* Work required
Exactly and only the lines below from the one containing "Άγιος Ηρακλείδης επίσκοπος Ταμάσου Κύπρου" down to the one containing "Российский путешественник, писатель, художник, священник" are wanted, both included; please exclude every picture.

Source records:
================================

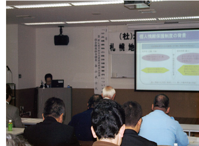
札幌地区協議会経営セミナー
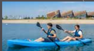
SIT ON TOP
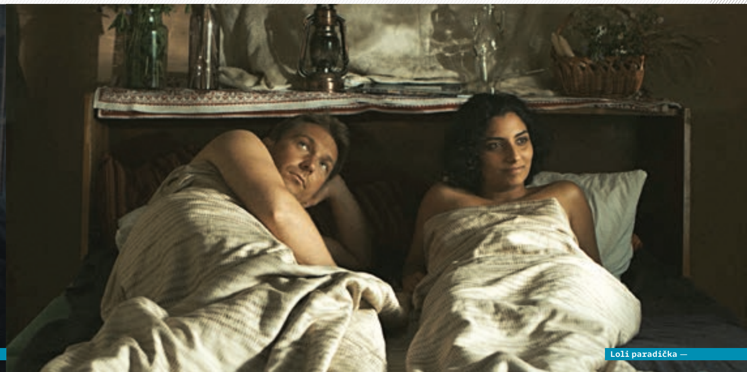
Loli paradicka —

lahodnosť výstižných dialógov, dôverná spätosť postáv s prostredím, vsadenie magickej línie do jarmočného podnikateľského priestoru vytvorili základňu na jedinečné zrážky naivity so skepsou a fanfarónstvom s uzvatosťou, znásobené krutým víťazstvom zvodcu pokušíteľa. Karavan s Rómkou, ktorú jej vlastní na konci filmu unášajú na prostitúciu do zahraničia, tiahne dialnicou v roztvorenej metafore utajeného násilia ďalších takýchto anonymných transportov v našej blízkosti. Loli paradicka vytvára bohatý priestor aj okolo vystaveného korpusu. Drsný koniec filmu ozrejmí, že rodičia mladej Rómky, spomínaní v replikách, naliehali na jej sobáš s vybraným ženíchom aj kvôli ochrane pred jej dôverčivosťou voči rómskym kriminálnikom. Záverečné precitnutie dievčiny z naivity otvára úvahy o možnostiach vymanenia z otrockého zajatia – či to zlé strašidlo, ktoré rituálne
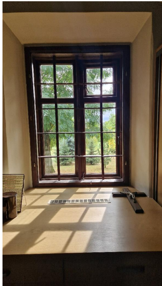
Fot. Kościół w Obszy, okno skrzynkowe do wymiany, stan zachowania na 2024 r.
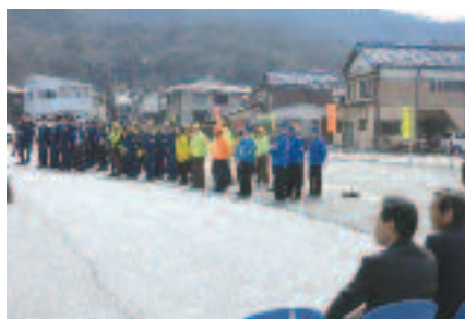
4/5 春の全国交通安全運動出動式
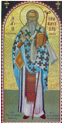
Άγιος Ηρακλείδης επίσκοπος Ταμάσου Κύπρου
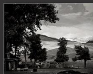
Пастушья стоянка, Курайский хребет, 2013 г.
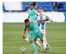
Madrid no pudo ganar en el primer partido como campeón de España.

Agregó “esta vez se vio otra cosa. Era un partido difícil de jugar por la situación en la que nos encontrábamos, por el último partido, por la hora, por el calor. El equipo respondió de otra manera a nivel de actitud, de compromiso. Creo que es un paso importante para lo que viene que va a ser muy complicado y muy importante para nosotros”,
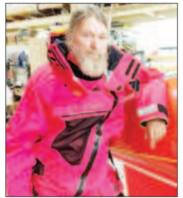
Российский путешественник, писатель, художник, священник Украинской православной церкви Московского патриархата

Биография Федора Конюхова насыщена событиями и трудными маршрутами. В общей сложности путешественник совершил четыре десятка экспедиций по морю. Естественно, что в каждой из них его поджидали сюрпризы, причем зачастую неприятные. И создавала их не только природа, но и люди. Однажды Конюхов заразился какой-то тропической инфекцией, и сделал вынужденную остановку на Филиппинах. Узнав об этом, пираты угнали его яхту. После того, как Федор окреп, ему пришлось самому становиться пиратом. Он похитил яхту разбойников и смог догнать и вернуть свою. Июль 2016-го стал временем нового рекорда Федора Конюхова. Он облетел вокруг земного шара на воздушном шаре. На это у путешественника ушло одиннадцать дней. Прежний рекорд принадлежал Стиву Фоссету, который сделал то же, только за тринадцать дней.
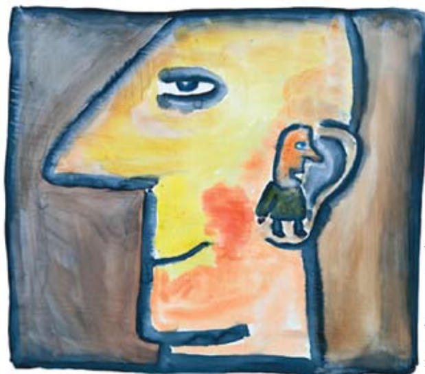
« Voix intérieure » artisanale

Nous sommes si importants que le Dieu du Paradis, le soutien de toutes choses, a créé des gouvernements d'univers, des systèmes judiciaires, des enseignants pour nous enseigner, des séraphins pour nous guider et un gigantesque nombre d'êtres pour nous venir en aide dans notre voyage à destination du grandiose but que Dieu nous réserve, quel que soit ce but. J'aime dire aux gens que Dieu a un plan pour notre vie... Mais ce n'est pas cela. Je travaille dans une aciérie. Est-ce là ce que Dieu veut pour ma vie? Non. Dieu a en réserve quelque chose de beaucoup plus important et de beaucoup plus grandiose pour vous et moi qui nous attend quelque part dans l'éternité.
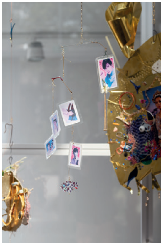
2 ■ Jay Tan, Are You Talking To Me [détail], 2018 – en cours, objets trouvés et offerts, accessoires de seconde main, ferraille, photocopies, dimensions variables, Crédits photo : © Aurélien Mole – CACC.
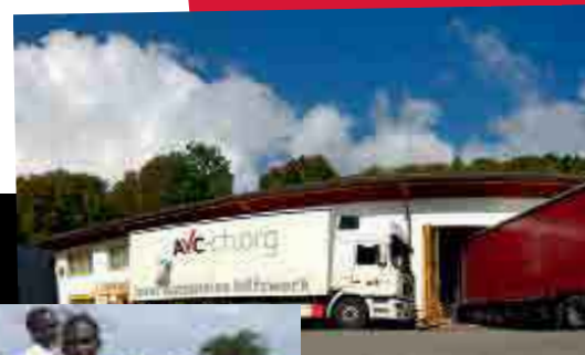
600 tonnes de matériel La base du CACP en Suisse L'un des centres logistiques

pour les enfants leur permettent un bon développement et de recevoir une formation.
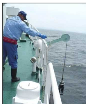
湾内6箇所にて水質調査を実施
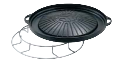
ジンギスカン鍋 Barbecue Plate 本体価格¥11,000 φ335mm 主材/鑄鉄製 ジンギスカンプレート受 本体価格¥9,500 主材/鉄製(軟鋼鉄)
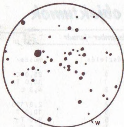
15,2 T 56x LM = 43'
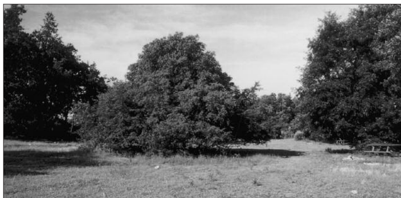
Fig. 3 - LOCALITÀ "PIAZZA DI SPAGNA" ALL'INGRESSO DELLA RISERVA IN CORRISPONDENZA DI VIA REATINA PRESSO MENTANA; PARTICOLARE DEL PRATO CON UN GRANDE CARPINO ( CARPINUS? SP. ) AL CENTRO
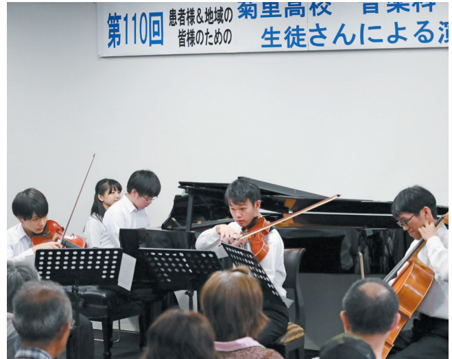
宇野病院でのコンサート
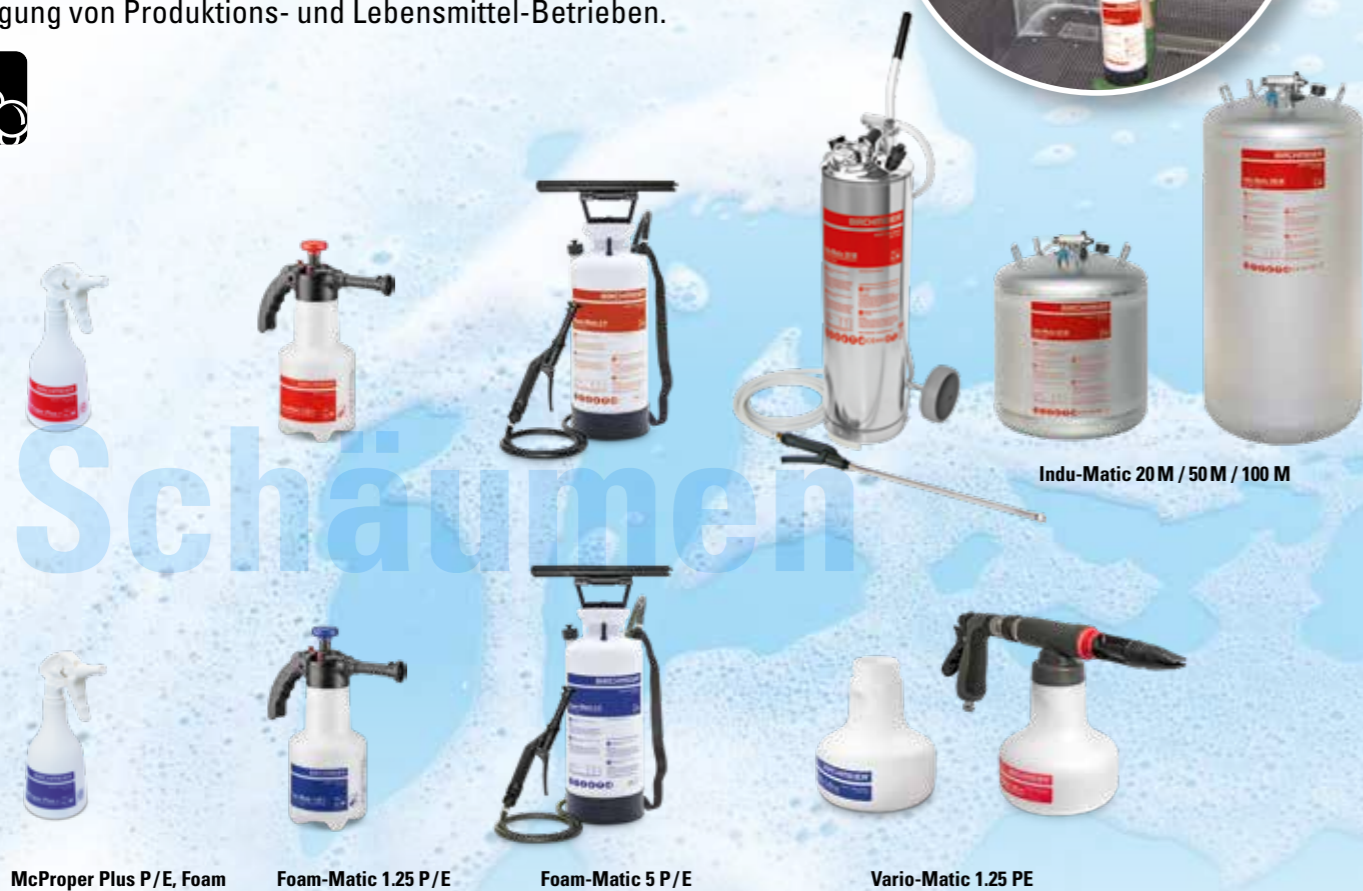
Indu-Matic 20 M / 50 M / 100 M
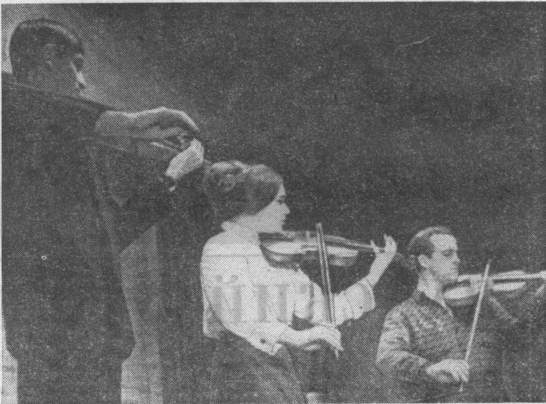
Ансамбль скрипачей на заключительном вечере художественной самодеятельности института. Фотоэтиюд студента 365-й группы Федора Кубочкина

Студенческий профком предпринимает усилия по организации в институте второго эстрадного оркестра. Первый шаг сделан — приобретена новая ударная установка.
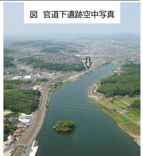
図 官道下遺跡空中写真

官道下遺跡は前回の灘遺跡の西側で、矢田の渡しの渡船場のすぐ横の遺跡です。すぐ南側に山がせまっており、山の上には石屋古墳があります。ここでも灘遺跡同様に、流路跡や河跡などが見つかかり、山から流れてきた遺物が多く見つかっています。また杭列があり棧橋状の遺構と考えられています。出土遺物には流路跡や河跡では縄文土器や須恵器が多く見つかっています。須恵器の年代は7世紀後半から8世紀前半と9世紀後半以降と考えられます。他に陶磁器類が多く見つかり、18世紀後半から出土量が増え、19世紀に入ると出土量が増えていきます。これは文政元年(1818)に68歳で死去した松平治郷(不味)の頃、松江藩の財政が好転したことと関係があり、それまで肥前系の陶磁が多かったものが、在地系の陶磁器や石見焼が主体となっていきます。

================================

* Exercise answer
Άγιος Ηρακλείδης επίσκοπος Ταμάσου Κύπρου
Пастушья стоянка, Курайский хребет, 2013 г.
Madrid no pudo ganar en el primer partido como campeón de España.

Agregó “esta vez se vio otra cosa. Era un partido difícil de jugar por la situación en la que nos encontrábamos, por el último partido, por la hora, por el calor. El equipo respondió de otra manera a nivel de actitud, de compromiso. Creo que es un paso importante para lo que viene que va a ser muy complicado y muy importante para nosotros”,
Российский путешественник, писатель, художник, священник Украинской православной церкви Московского патриархата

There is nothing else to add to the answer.